Ofcourse, the class Transform itself.

Then, its metaclass _TfmMeta

#export
class _TfmMeta(type):
    def __new__(cls, name, bases, dict):
        print("I'm alive inside `__new__` in `_TfmMeta`")
        res = super().__new__(cls, name, bases, dict)
        res.__signature__ = inspect.signature(res.__init__)
        return res

    def __call__(cls, *args, **kwargs):
        f = args[0] if args else None
        n = getattr(f,'__name__',None)
        if not hasattr(cls,'encodes'): cls.encodes=TypeDispatch()
        if not hasattr(cls,'decodes'): cls.decodes=TypeDispatch()
        if isinstance(f,Callable) and n in ('decodes','encodes','_'):
            getattr(cls,'encodes' if n=='_' else n).add(f)
            return f
        return super().__call__(*args, **kwargs)

    @classmethod
    def __prepare__(cls, name, bases): return _TfmDict()

And finally _TfmDict

#export
class _TfmDict(dict):
    def __setitem__(self,k,v):
        if k=='_': k='encodes'
        if k not in ('encodes','decodes') or not isinstance(v,Callable): return super().__setitem__(k,v)
        if k not in self: super().__setitem__(k,TypeDispatch())
        res = self[k]
        res.add(v)

According, to section 3.3.3.4. of Python Data Model,

Once the appropriate metaclass has been identified, then the class namespace is prepared. If the metaclass has a __prepare__ attribute, it is called as namespace = metaclass.__prepare__(name, bases, **kwds) (where the additional keyword arguments, if any, come from the class definition).

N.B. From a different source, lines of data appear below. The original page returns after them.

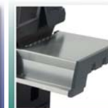
Stainless Steel Drop-Down Side Shelves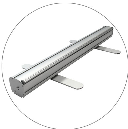
(QTY 1): Good Roll Up Stand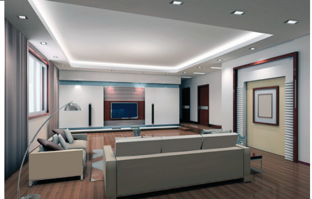
All Dimensions in "mm"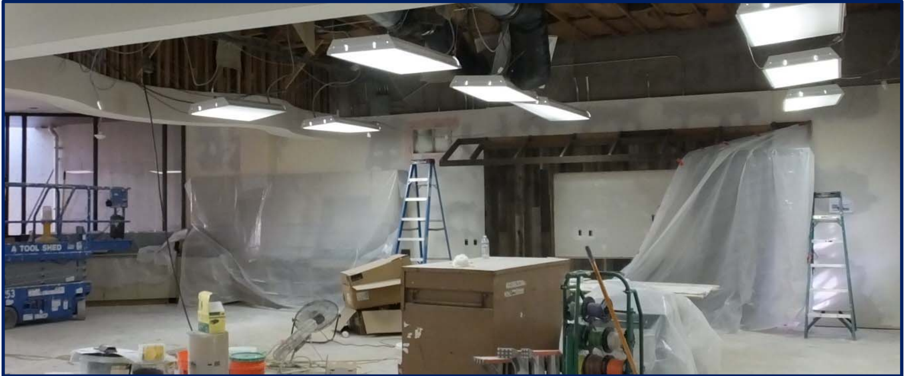
Brooktree – FIS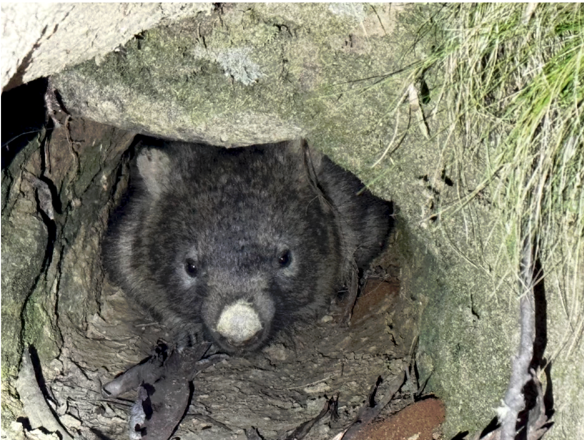
A wombat in its burrow in the proposed logging area.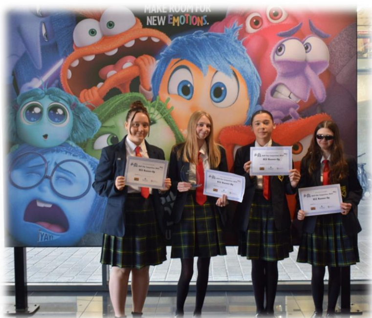
Runners-up from Year 9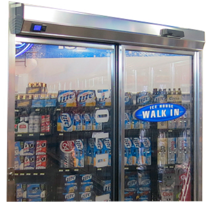
Single Door Slider Shown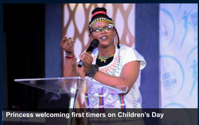
Princess welcoming first timers on Children's Day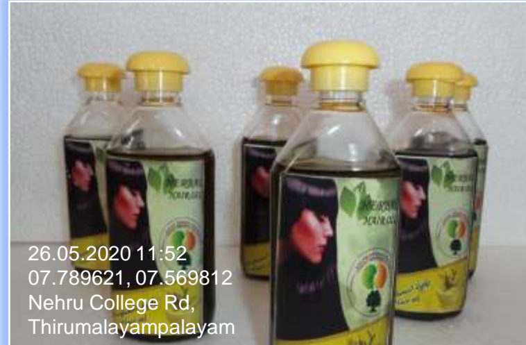
HERBAL HAIR OIL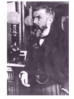
Joseph Louis Lagrange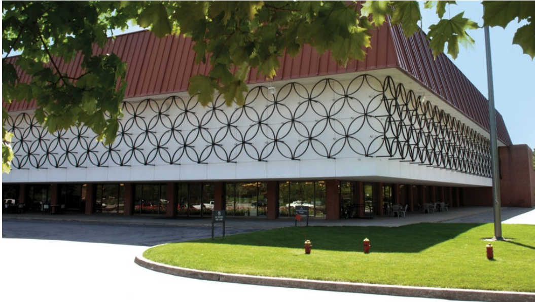
Midland Center for the Arts

My class is going to watch a show called Jabari Dreams of Freedom at the Midland Center for the Arts.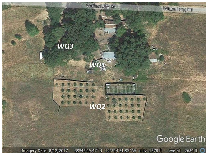
Figure 3—Aerial image of the Property taken on August 12, 2017. The image shows a hoop-type greenhouse and rows of regularly spaced plants that are similar in size and pattern to that of commonly observed outdoor cannabis cultivation.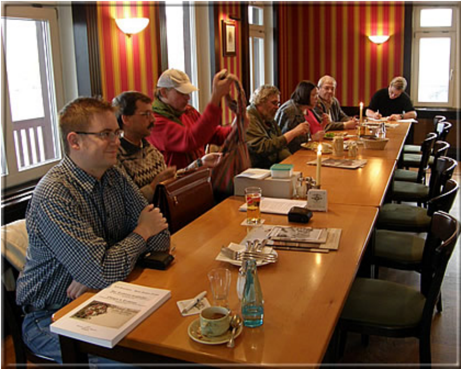
The one half of the audience ...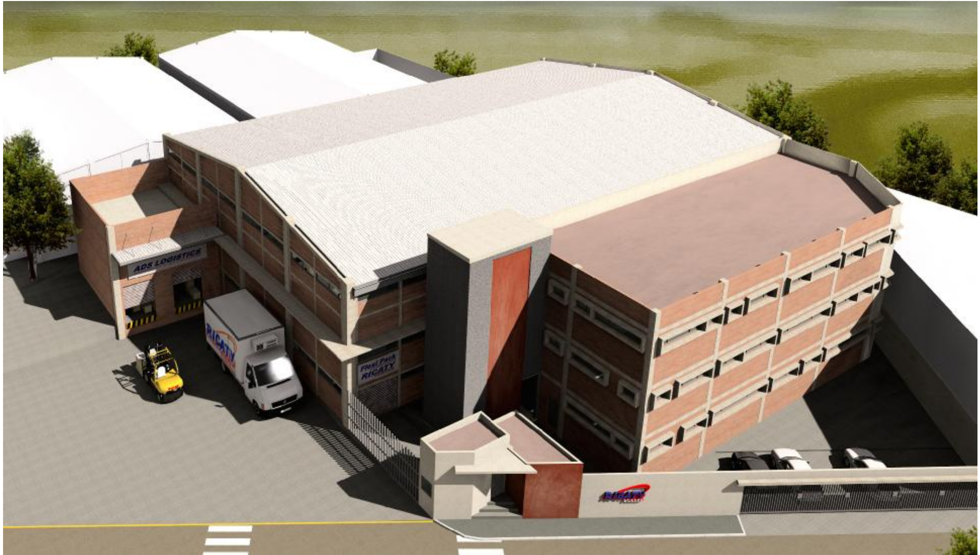
New Industrial Plant Complejo Industrial La Ciénega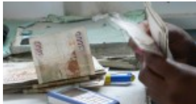
Africa hit by $1.8bn money transfer fees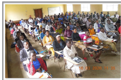
The first Bible school class of 2020 has 103 students. They have returned to their homes until schools reopen.

Which means when we first define our class Transform like so:
class Transform(metaclass=_TfmMeta):

The __prepare__ method inside _TfmMeta get’s called which in turn changes the way a normal __prepare__ method would work by using _TfmDict which inherits from dict.

Since the __setitem__ is updated inside _TfmDict, if k ie., the attribute to be set, is not encodes or decodes the normal machinery of dict is used ie., super().__setitem__(k,v)

From my understanding, while preparing the Transform namespace the encodes or decodes does not actually get passed and the final dict that we get at this stage is

{'__module__': '__main__', '__qualname__': 'Transform', '__doc__': 'Delegates (`__call__`,`decode`) to (`encodes`,`decodes`) if `filt` matches', 'filt': None, 'init_enc': False, 'as_item_force': None, 'as_item': True, 'order': 0, '__init__': <function Transform.__init__ at 0x7f2f3ae80d08>, 'use_as_item': <property object at 0x7f2f3ae97818>, '__call__': <function Transform.__call__ at 0x7f2f3ae80c80>, 'decode': <function Transform.decode at 0x7f2f3ae80bf8>, '__repr__': <function Transform.__repr__ at 0x7f2f3ae88048>, '_call': <function Transform._call at 0x7f2f3ae88268>, '_do_call': <function Transform._do_call at 0x7f2f3ae881e0>, '__return__': None}

Once, the dict is setup, __new__ inside _TfmMeta get’s called which I think comes from here and inside the Python Data Model it is said:

When using the default metaclass type , or any metaclass that ultimately calls type.__new__ , the following additional customisation steps are invoked after creating the class object:

first, type.__new__ collects all of the descriptors in the class namespace that define a __set_name__() method;

second, all of these __set_name__ methods are called with the class being defined and the assigned name of that particular descriptor;

finally, the __init_subclass__() hook is called on the immediate parent of the new class in its method resolution order.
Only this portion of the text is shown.